No. Your original input stays untouched in the input box. The replaced version appears separately in the result area, so you can adjust your options and compare before copying. Nothing is overwritten until you choose to use the output.

How does match highlighting work?

Before replacing, the preview pane highlights every spot in your text that matches the current Find term using your active options. This lets you confirm you are targeting the right text. The highlight count and the replacement count are shown above the result.

What happens if I enter an invalid regular expression?

The tool catches the error and shows a clear message describing the problem, such as an unmatched parenthesis. Your text is left unchanged and the tool keeps working, so you can fix the pattern and continue without reloading the page.

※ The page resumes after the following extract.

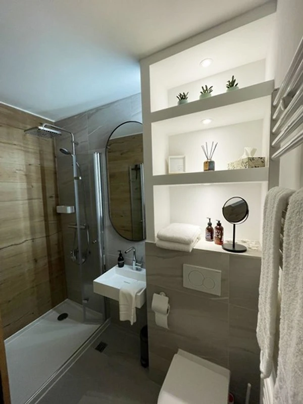 Die Wohnung ist nicht nur mit einer Heizung, sondern auch mit einem Fernseher ausgestattet. Ein Fahrstuhl erleichtert den Zugang. Rauchmelder und eine Garderobe runden das Angebot ab und sorgen für Sicherheit und Komfort während des Aufenthalts.

Is there a limit on how much text I can process?

There is no fixed character limit. Because everything runs in your browser, very large inputs (hundreds of thousands of characters) combined with complex regex may feel slower on older devices, but typical documents, code files, and lists process instantly.

Does this find and replace tool upload my data?

No. All matching and replacing happens locally in your browser with JavaScript. Your text is never sent to a server, stored, or logged. You can even use the tool offline once the page has loaded.